Ser ativamente interessado no que os outros tem a dizer. (por Douglas Miller)

dezembro 23, 2015

Estar ativamente interessado nas necessidades, pensamentos, sentimentos e crenças das outras pessoas é uma habilidade vital. Isso dá suporte àquelas margens-chave de efetividade pessoal, como autoconfiança, exercício de influência, negociação e atuação em redes.

 

Quando você mostra ativamente um interesse por outras pessoas, elas não apenas serão atraídas por você, mas também lhe responderão em um nível mais profundo, porque compreenderão que não só está interessado nelas mas também compreende suas necessidades e interesses. Isso torna-se predominante, por exemplo, em situações de negociação nas quais há conjuntos conflitantes de interesses.
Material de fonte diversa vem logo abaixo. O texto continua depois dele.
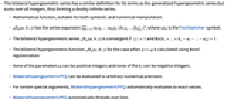 - The bilateral hypergeometric series has a similar definition for its terms as the generalized hypergeometric series but sums over all integers, thus forming a doubly infinite series.
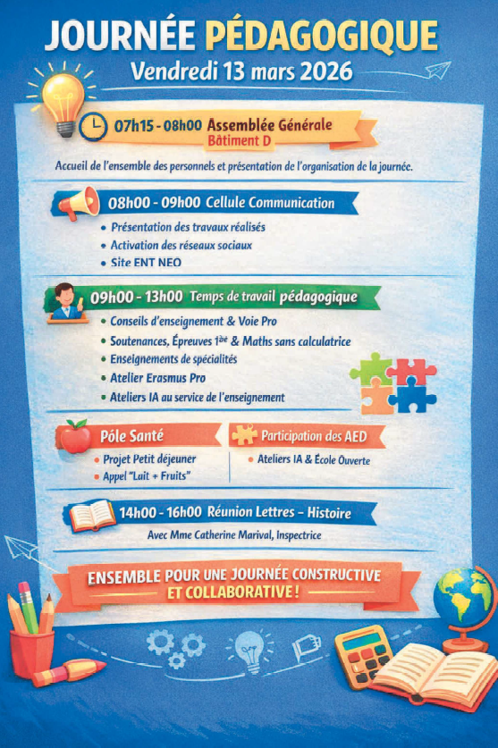 JOURNÉE PÉDAGOGIQUE 11 mars 202611 mars 2026 Lycée polyvalent CHEVALIER DE SAINT-GEORGES - BAIMBRIDGE 2 (EX CARAIBES)

Se você compreender a pessoa com quem está negociando e as necessidades que estão impulsionando o comportamento dela, estará numa posição muito melhor para encontrar uma solução.

 

Em um nível mais direto, todos nós temos um tipo de pensamento que sugere: “O que vou ganhar com isso?”. Se você compreender esse aspecto e procurar estabelecer isso com aqueles com que interage, poderá influenciar melhor a conversa (a outra pessoa estará pensando: “O.k., você quer que eu faça isso, o que ganho com isso?”); poderá também negociar melhor (você diz: “Se isso é importante para você, então podemos entrar num acordo…”); e poderá atuar melhor em redes, pois compreenderá as necessidades de seus contatos.

 

Dentro dessa “viagem para outros mundos” está implícita uma habilidade central, sem a qual é impossível desenvolver relacionamentos produtivos e significativos com as pessoas – saber como ouvir com mais comprometimento do que a maioria das pessoas.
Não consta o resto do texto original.